The Central American agouti collects seeds and buries them for later use. (Click for credit)

When I was in Costa Rica last year, I saw several Central American agoutis, such as the one pictured above. I didn’t know anything about them, so when I got back home, I looked up some information. They can be omnivorous, but they prefer to eat seeds and fruit. One of their interesting behaviors is to follow troops of monkeys. They “hang out” underneath the trees that the monkeys climb, and they eat the fruit that the monkeys drop or inadvertently shake off the trees.1

Another really interesting thing about the Central American agouti is that it’s a scatter hoarder.2 This means it collects seeds and buries them in multiple locations. It remembers these locations and returns to them when food is scarce. However, it doesn’t just bury them once and leave them there. It often revisits its stores of seeds, digs them up, and reburies them somewhere else.
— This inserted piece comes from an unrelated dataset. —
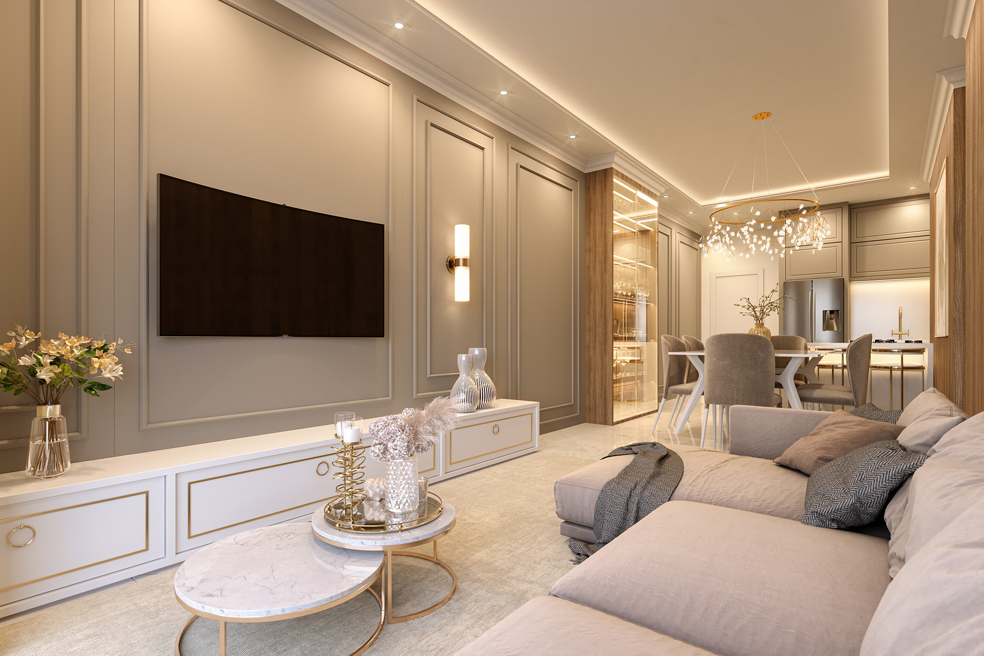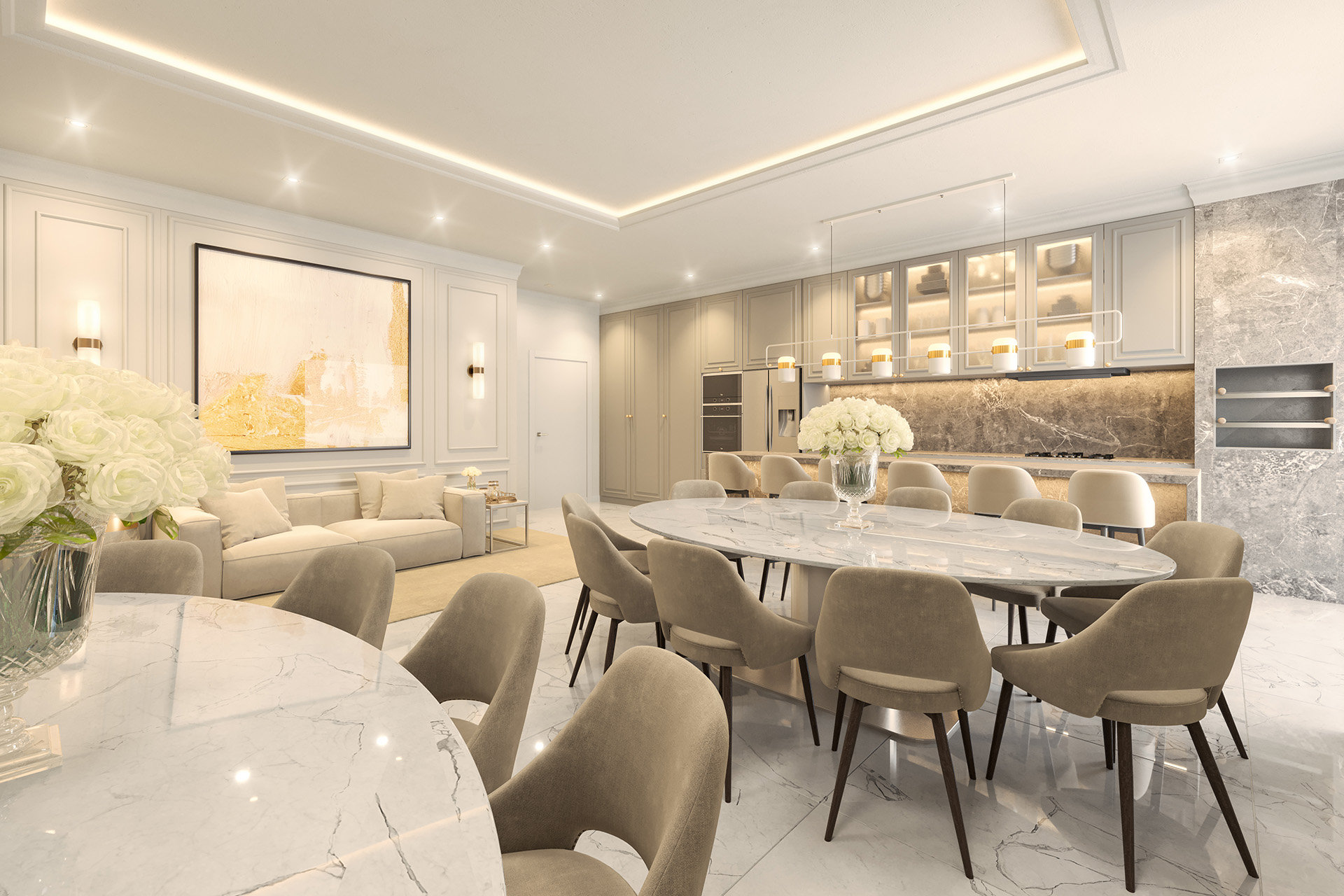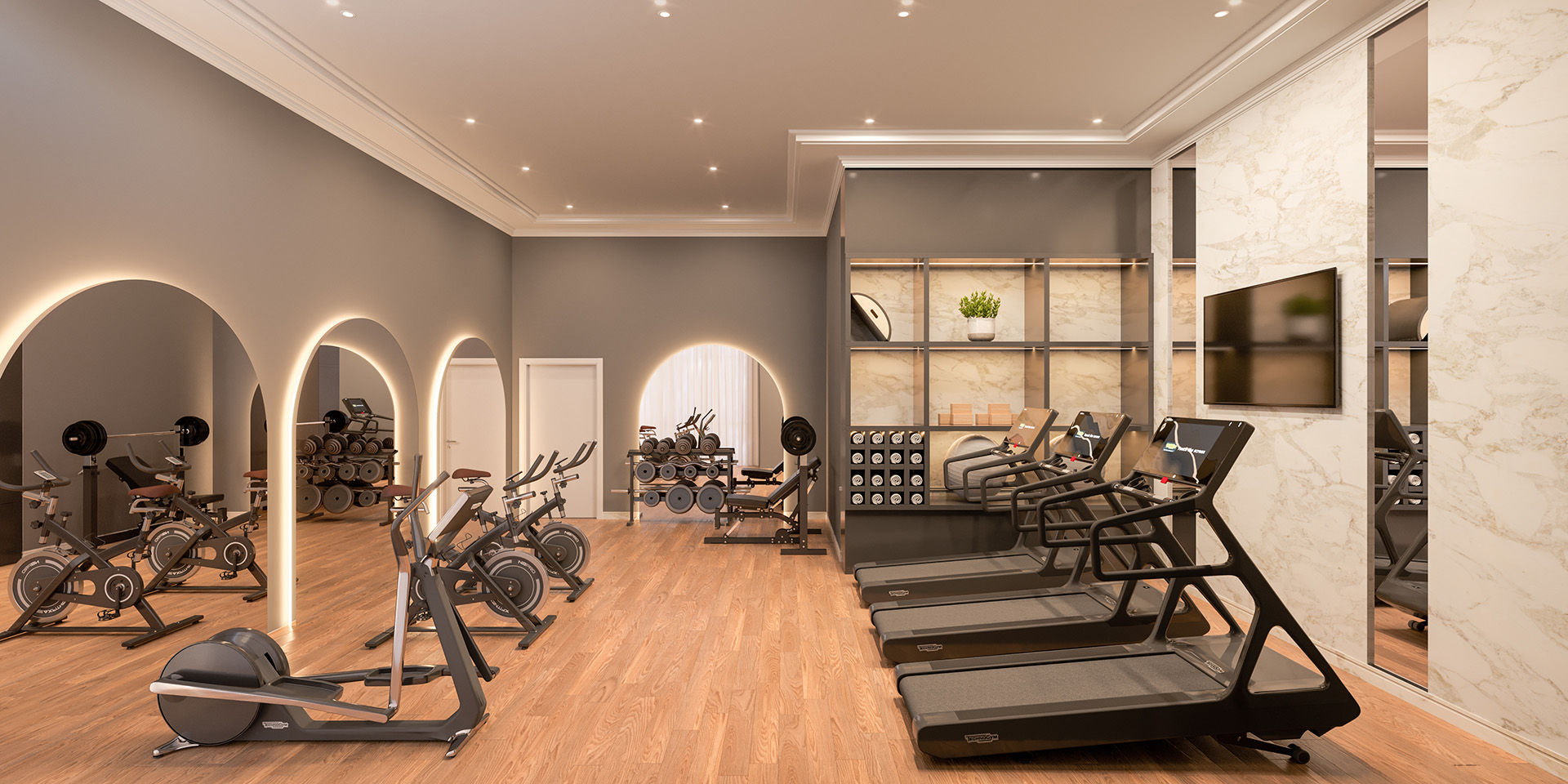 - Acabamento neoclássico em mármores, granitos, detalhes em gesso, madeira, porcelanato e papel de parede;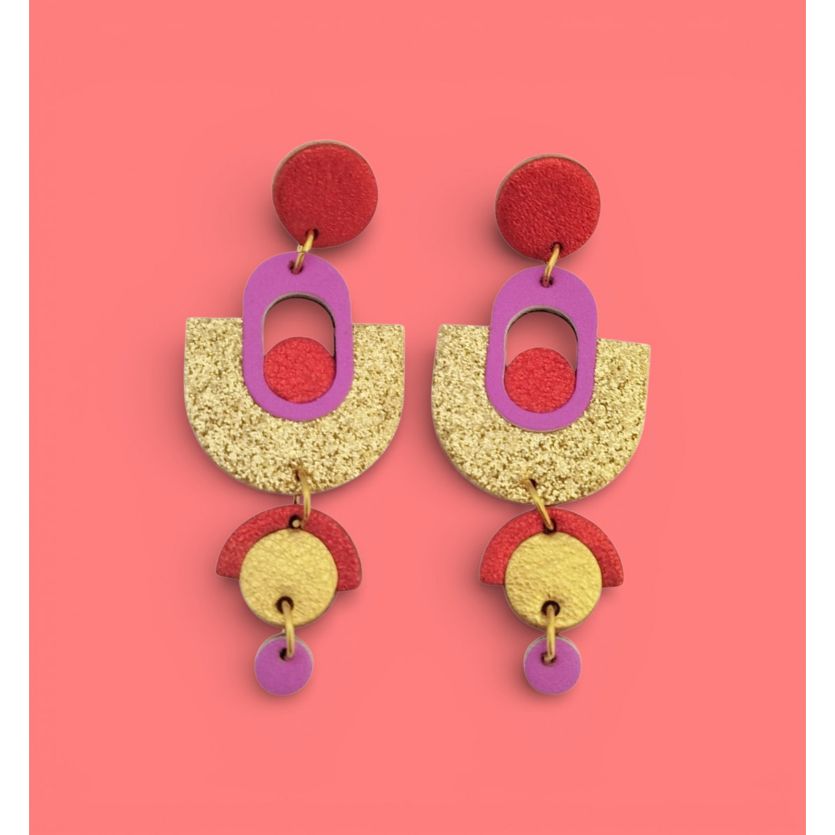Boucles d’oreilles graphique cuir rouge doré paillette

While this behavior is beneficial to the agouti (it provides storehouses of food for when food is scarce), it is also beneficial to the trees that drop the seeds. That’s because the agouti rarely uses all of its stored seeds. As a result, some of the buried seeds grow and develop into new trees. This means that the Central American agouti is, in fact, a “farmer” for the trees. It moves seeds away form the tree that drops them and plants the seeds so they can grow into new trees.

Why is this beneficial to the trees? If a seedling grows too near the tree that dropped the seed, it ends up competing with its parent tree. That’s not good for the parent or the seedling. By carrying the seed far from the tree and planting it, the agouti allows the seedling the chance to grow without competing with its parent. Pretty nifty, huh? Well, recent research shows its even niftier than that. It turns out that these “tree farmers” are smarter than we originally thought.